Excerpt from one Essay Saturday! (did that rhyme?)


That same weekend, from somewhere, I heard the word combination - Gaslight Girl, and discovered where they were.  On Monday, I hailed a cab to the city college I deemed as competitive as Harvard. 
 
“Gaslight Girl,” bounced in my head as I stood at the Lake Street and State Street intersection.  Bored of teachers saying, “Always expect a substance abuse relapse,” I placed my text books on top of a city garbage can and head straight for the Gaslight Club in the Chicago’s Palmer House hotel that stood prior to, get this, the telephone invention.  This is also the first hotel to have light bulb electricity, ever.  In 2011, we are lucky.  Today if the light bulbs weren’t working a guest would complain, “My husband had relieve his bladder without the light, just awful.  What are you going to do about this?  After paying all this money to your hotel?”
 
As well, it’s the oldest hotel in North America, at 131 years.  If the hotel is not haunted by now, it simply must be as close as you can get, to being haunted. For example, in 1861, the Civil War begins, in 1871, the original Palmer Houseopened but destroyed by the Great Chicago Fire, a year post fire, the hotel re builds.  Then, in 1933, the Gaslight Club opens its decorated doors.
 
Regarding the colligate stint, I thought, “Why bother?”  In part because I didn’t understand relapse until I began my own, relapsing. 
 
A youthful attractiveness helped secure that job, brainlessness didn’t matter.
 
 “I’m a Gaslight Girl!”  I yelled to anybody in earshot.  Immediately established, I could not sing so I became their hostess.
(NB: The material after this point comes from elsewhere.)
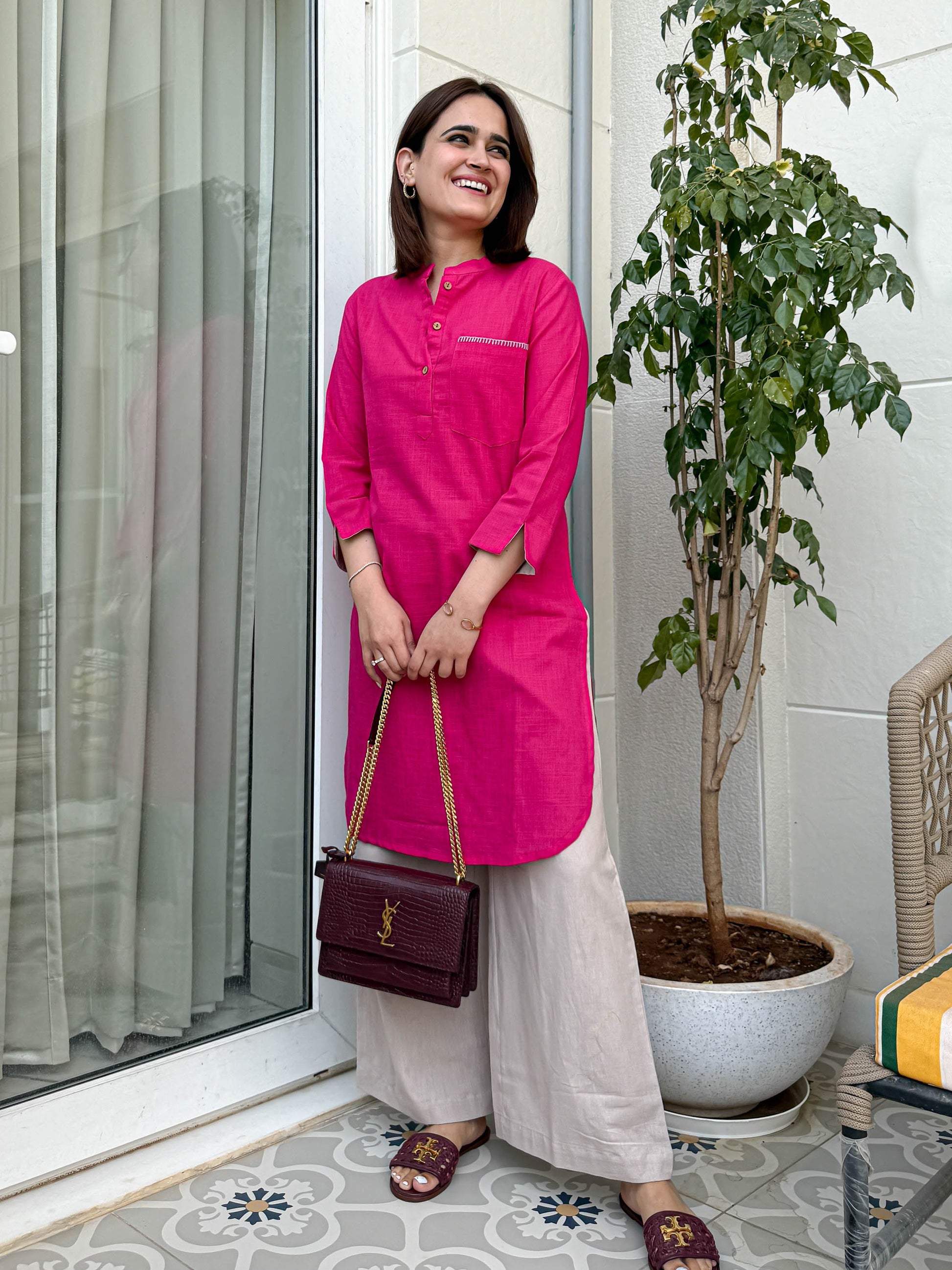 Upgrade your wardrobe with this stylish women’s cotton co-ord set, featuring a vibrant pink cotton slub kurta paired with elegant beige cotton flex pants. The kurta comes with a straight cut, three-quarter sleeves, and a neat neckline, offering comfort with a touch of sophistication. The breathable cotton fabrics make this co-ord set perfect for daily wear, office, or casual outings.

The Gaslight Girls were big in the day in Chicago in the Palmer House Hilton, meaning a day in the 1930’s. We Gaslight Club Gaslighter’s went out of business shortly after I joined the team. The Gaslight Girls waitresses served and sang out loud. The idea of a singing waitress to entertain children would have been a good one.  But the gassed up girls sang, to men.   
 
Our costume was a fringed, low cut flapper dress. Never, was there a Gaslight Boy.  Lunchtime consisted of one table of business suited men with fat cigars. 
 
Excitedly I changed into my flapper dress and it dropped to my waist because of my little boobies. I inserted a padded bra and bingo!  “Welcome gentlemen, I’m your Gaslight Girl hostess,” I said and escorted that one table inside.  Using my new puffy breasts as a pillow, I returned to the hostess desk and dozed off. Our three hour shift over, we Gassy Girls hit Rush Street in an appointed limo. 
 
A gentleman lifted my hand and escorted me from a limo and said, “You’re so young to be a Gas Light Girl.”
 
I tugged down my new neck high breasts, “My voice is inadequate so I’m a Gas Light Girl hostess,” I continued to adjust my new chest pads.
 
“That’s great!  What do you want to drink?”
 
“Anything.”  I answered.
 
Several months later the Gaslight Club doors were locked.  A sign that read Closed Permanently left me curious. I thought, “I work here?”